Entrepreneurs Don’t Forget to take care of your Personal Finances

Posted on June 28th, 2018
Financial Management

You make sure that you are on top of your business’s finances, but are you paying the same amount of care and attention to your own – in particular personal debt.

A report by the World Bank has revealed that 25 million South African adults, out of 37 million, owe money to financial institutions or other corporate lenders such as shops that allow them to buy now and pay later.

The combination of the recent VAT increase, the largest petrol price hike ever in South Africa and the escalation in luxury goods excise duty will make repaying debts all the more difficult, says Peter Tshiguvho, CEO of Metropolitan Retail.

“Before making potentially debt-inducing decisions, consumers should take some time to consider the long-term consequences. In addition, they should speak to a financial advisor who can help them make sound choices that will pay off in the long run,” he says.

Tshiguvho shares 5 common debt traps and how to avoid them. 

1. Credit card debt – ‘Easy bait for the financially uneducated consumer’

Easy bait for the financially uneducated consumer, banks often offer rewards such as holidays, cash back and vouchers to entice clients into the credit world. However, the National Credit Regulator claims that 58% of South African consumers are struggling to pay off their credit cards. Most credit card users start off with the very best intentions and try to repay their debt, but many end up paying a significant amount of interest simply to keep their heads above water.

“Before you sign up for a credit card, look at what you can afford and limit your monthly spending to less than that amount. Pay back your debt in full each and every month and your credit card will become a very useful financial tool for building a positive credit rating. If you have already fallen into this pitfall, lock up your credit card somewhere safe and pay off as much as you can afford until the debt is wiped out,” advises Tshiguvho .

2. Store accounts – ‘You need to ask yourself if the store card is necessary’

Stores offer massive discounts, special offers and vouchers to get people to sign up for and keep using their accounts. With back-to-school, Easter, seasonal changes, school dances and Christmas, pressure is constantly on consumers to shop more and just put it on account. With this in mind it’s easy to see why 76% of South Africans are in debt due to store cards, according to data from a local debt management firm.

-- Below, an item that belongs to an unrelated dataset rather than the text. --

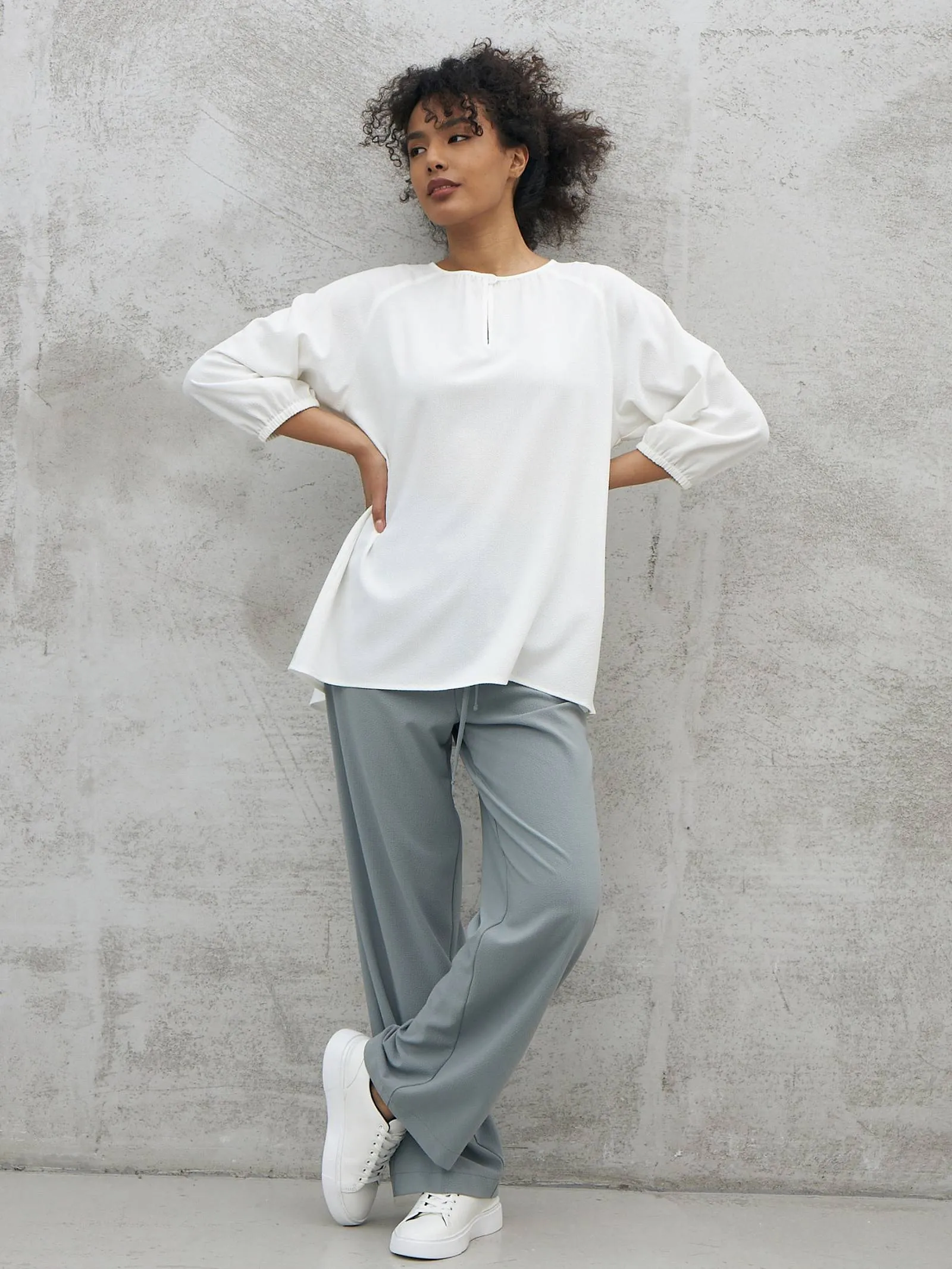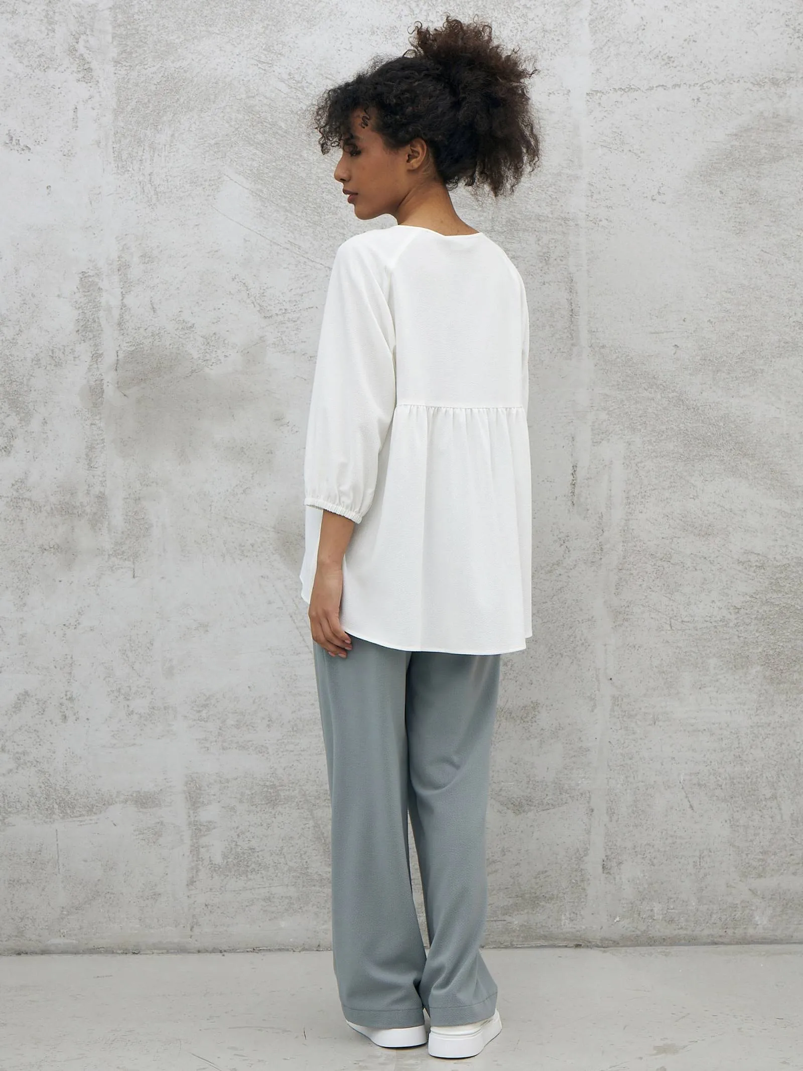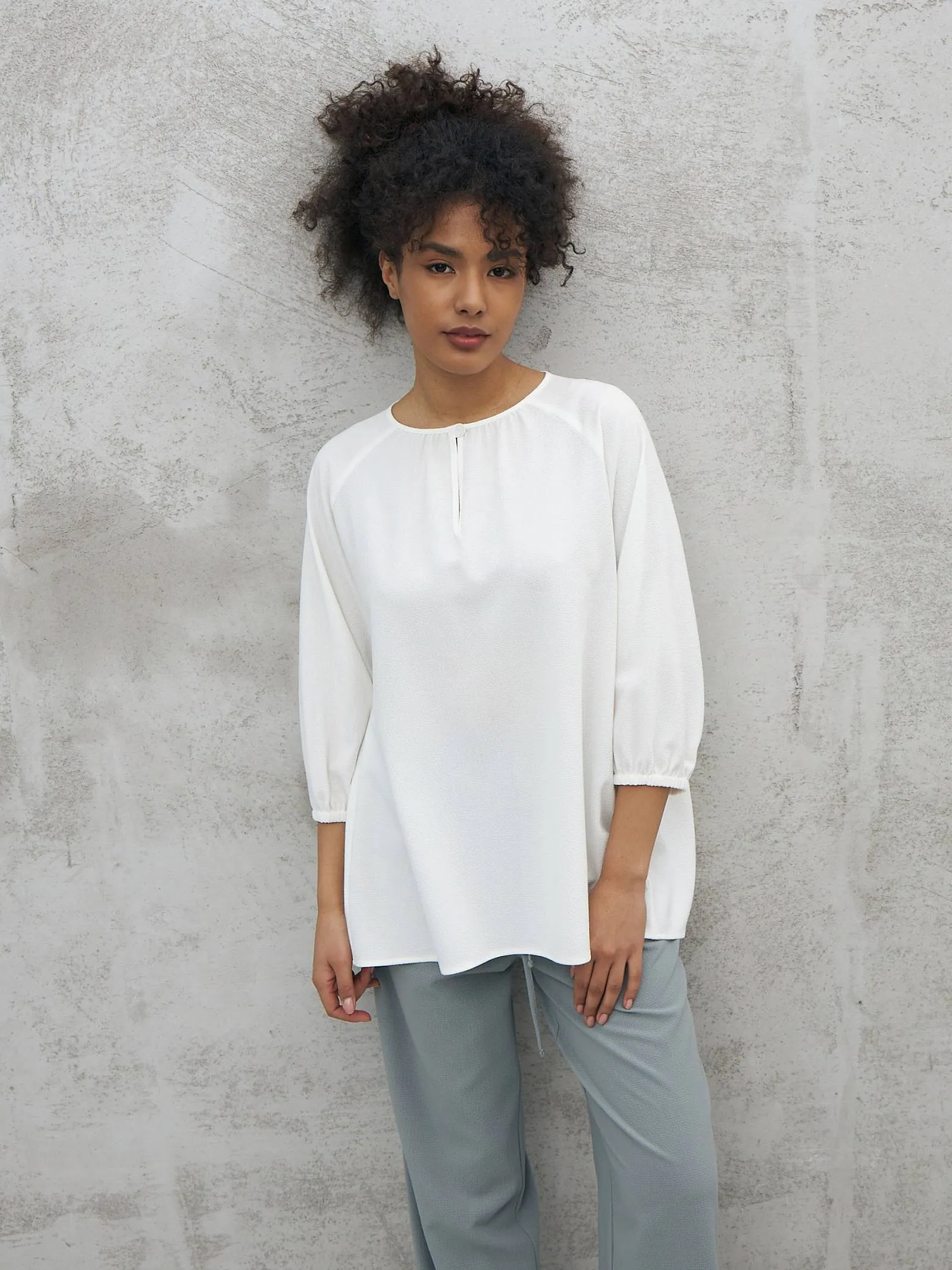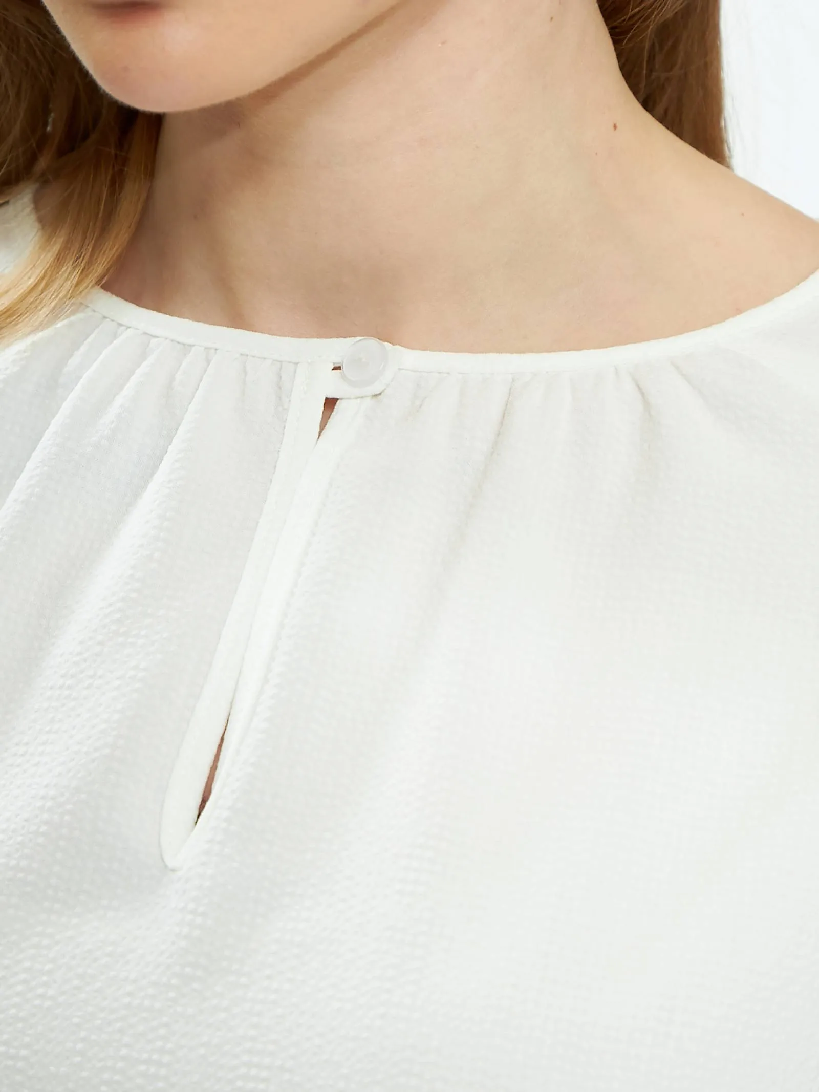 Элегантная блуза с декоративной пуговицей спереди, лёгкими складками, струящейся спинкой и укороченными рукавами на манжетах-резинках. Модель выполнена из прочного полиэстера, нежной вискозы и тянущегося эластана в лаконичном белом цвете. Подойдет для создания деловых сочетаний и образов в стиле кэжуал.

“You need to ask yourself if the store card is necessary,” says Tshiguvho. “If it is, make sure you use it wisely and buy only essentials with it. Otherwise, cut it up and use cash or other instruments to stay within your budget and avoid the trap.”

Retail shopping1

3. Payday loans – ‘Pay the debt back as quickly as possible’

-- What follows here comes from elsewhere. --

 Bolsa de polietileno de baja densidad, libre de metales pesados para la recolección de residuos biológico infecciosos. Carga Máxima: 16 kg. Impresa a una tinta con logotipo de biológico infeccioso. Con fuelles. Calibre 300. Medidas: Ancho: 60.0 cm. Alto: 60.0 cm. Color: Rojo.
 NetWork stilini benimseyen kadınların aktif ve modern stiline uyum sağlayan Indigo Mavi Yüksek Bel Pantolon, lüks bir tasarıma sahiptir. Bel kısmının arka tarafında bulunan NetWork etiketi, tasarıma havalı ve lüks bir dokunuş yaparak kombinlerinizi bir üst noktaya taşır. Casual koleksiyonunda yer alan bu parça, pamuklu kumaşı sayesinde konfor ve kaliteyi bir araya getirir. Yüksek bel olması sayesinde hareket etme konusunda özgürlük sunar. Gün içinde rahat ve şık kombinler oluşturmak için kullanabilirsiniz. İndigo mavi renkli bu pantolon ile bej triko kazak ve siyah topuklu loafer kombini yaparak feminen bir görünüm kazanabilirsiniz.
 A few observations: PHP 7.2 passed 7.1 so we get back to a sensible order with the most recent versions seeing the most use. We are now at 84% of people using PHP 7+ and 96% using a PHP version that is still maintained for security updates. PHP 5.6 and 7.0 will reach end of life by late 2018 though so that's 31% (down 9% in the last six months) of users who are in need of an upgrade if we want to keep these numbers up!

Cash-strapped South Africans are increasingly turning to payday loans as a quick solution for making ends meet if they run out of money before the end of the month, but unfortunately this noose starts tightening rapidly once the first deadline is missed. Interest mounts up and many consumers are forced to borrow to repay the interest, leaving the original debt unpaid and attracting even more interest.

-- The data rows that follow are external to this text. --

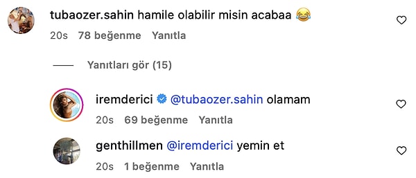 Bir toplumsal medya kullanıcısı, bir umut İrem Derici’ye ‘Hamile olabilir misin sanki?’ sorusunu yöneltti. Artık o ışıltıyı mı gördü kendince niyet mi etti bilemiyoruz fakat İrem Derici’den de jet süratiyle cevap geldi.
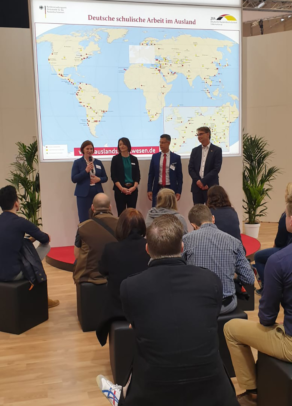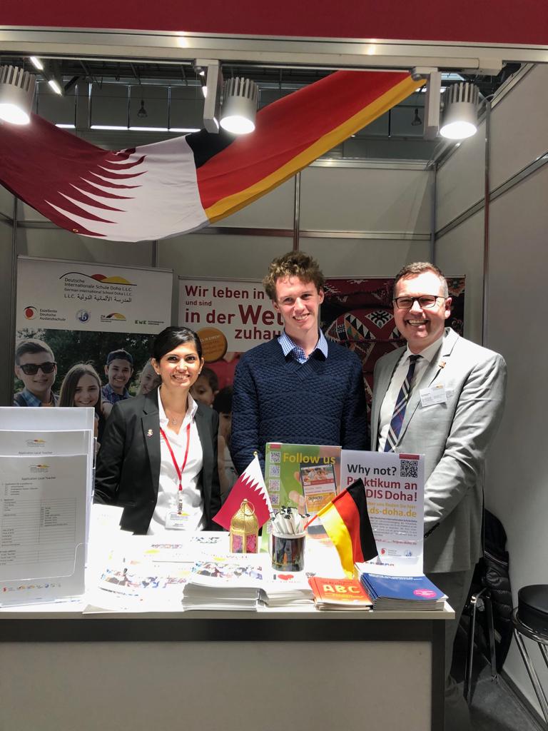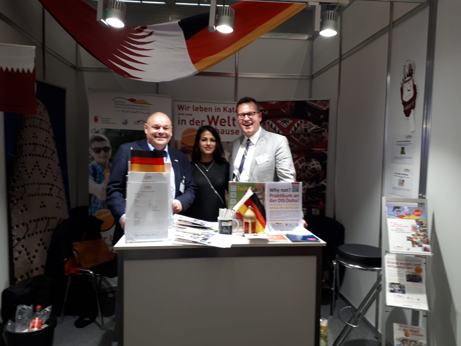 - (f.l.t.r.) Werner Henkelmann ZfA-trade fair appearances and event organization, Bettina Hoffman / Trainees at the Federal Office of Administration and Saarland, Dirk Dillschneider, Schulleiter / German International School Doha
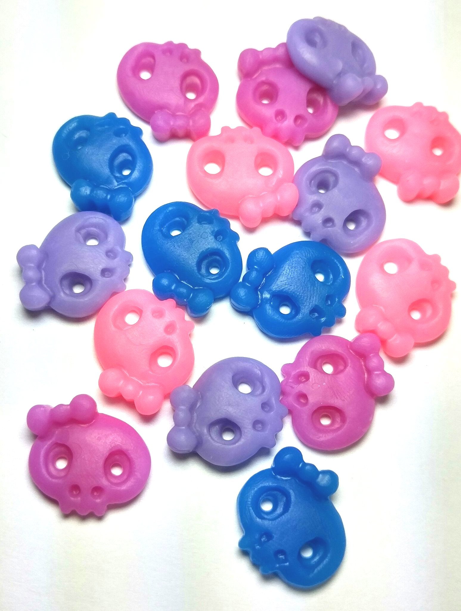 This lot is for 16 acrylic girly girl skulls. These are good for many projects, buttons, and/or links. Super cute and great colors! 16mm.
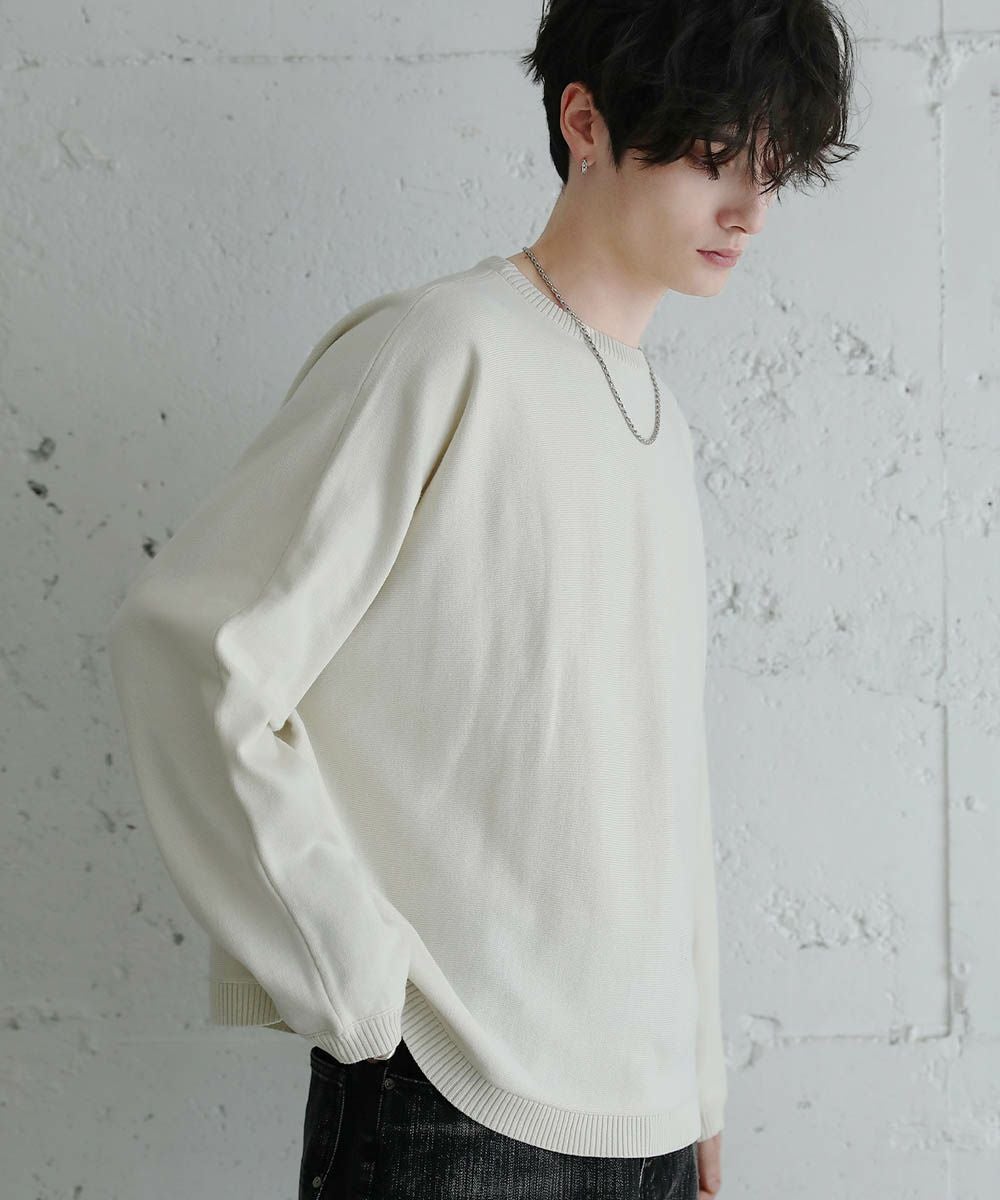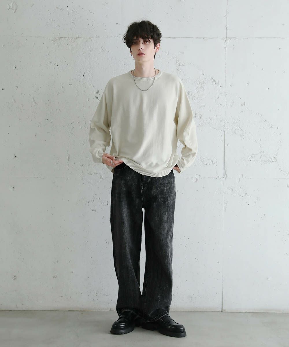 首元はベーシックなクルーネック仕様のため、どんなアウターとも合わせやすい万能アイテム。きれいめなスラックスはもちろん、クラッシュ加工のあるデニムと合わせてカジュアルダウンさせても今っぽく着こなせます。

“This avenue should be carefully explored before applying. If you have already gone down this road, pay the debt back as quickly as possible,” says Tshiguvho.

4. New car loans – ‘Second hand vehicles offer good value for money’

The shiny chrome and new leather smell of a new car appeals to many motorists to the extent that they forget about their budgets and commit themselves to rampant debt. Relatively recently, loan periods were extended so that consumers could repay a new car loan in up to 72 months. To ease the monthly burden on motorists even further, balloon payments were introduced. This allows for lower monthly payments, but the final monthly payment could be as much as a third of the total loan. This puts ownership out of reach for most people.

Tshiguvho suggests that you let your brain dominate your heart in this decision, which has long-term and extensive financial implications on take-home pay. “Analyse your needs and meet them. Second hand vehicles offer good value for money with good warranties. With reasonable kilometres on the clock and good record keeping, a five- to seven-year old vehicle will provide great durability.”

5. Hire Purchase – ‘Now a popular means for financing car purchases’

Previously prevalent in the furniture and appliance industry, Hire Purchase (HP) is now a popular means for financing car purchases. The downside is that the interest rates on these contracts tend to be higher than the prime overdraft rate of interest. What’s more, as you are hiring the item until you have paid the full amount, failing to pay could result not only in the item being repossessed, but you losing all the money you have paid so far.

Tshiguvho recommends deferring your purchase until you have saved the money to pay in full for the item. “If that isn’t possible, get a professional to review the draft HP agreement before you sign. You must also make sure that you can afford the repayments.”